> _TASK_: After locating the line that bears "1Pc Sárgaréz 1/2", restate word for word that line and the rest of the listing to its final line, excluding all pictures.

> _AVAILABLE DATA_:
• • •
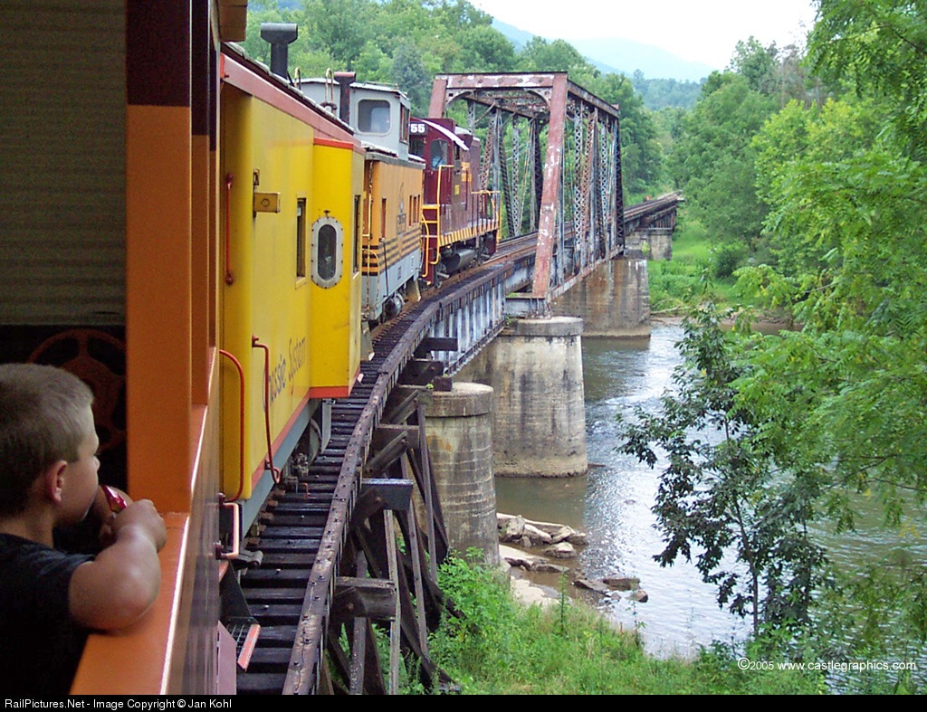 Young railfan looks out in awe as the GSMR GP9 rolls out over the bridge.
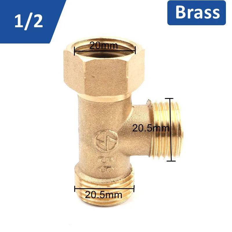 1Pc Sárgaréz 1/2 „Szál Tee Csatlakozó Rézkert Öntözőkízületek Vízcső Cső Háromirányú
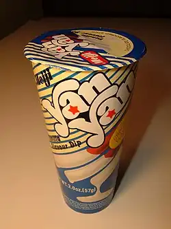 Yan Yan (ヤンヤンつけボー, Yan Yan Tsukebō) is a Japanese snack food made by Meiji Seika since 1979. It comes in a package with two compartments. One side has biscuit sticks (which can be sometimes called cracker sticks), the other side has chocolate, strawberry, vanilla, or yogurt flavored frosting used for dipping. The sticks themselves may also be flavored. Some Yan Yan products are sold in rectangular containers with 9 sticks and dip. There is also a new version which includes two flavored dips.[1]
• • •
> _SOLUTION FOR THIS TASK_:
 1Pc Sárgaréz 1/2 „Szál Tee Csatlakozó Rézkert Öntözőkízületek Vízcső Cső Háromirányú
 Yan Yan (ヤンヤンつけボー, Yan Yan Tsukebō) is a Japanese snack food made by Meiji Seika since 1979. It comes in a package with two compartments. One side has biscuit sticks (which can be sometimes called cracker sticks), the other side has chocolate, strawberry, vanilla, or yogurt flavored frosting used for dipping. The sticks themselves may also be flavored. Some Yan Yan products are sold in rectangular containers with 9 sticks and dip. There is also a new version which includes two flavored dips.[1]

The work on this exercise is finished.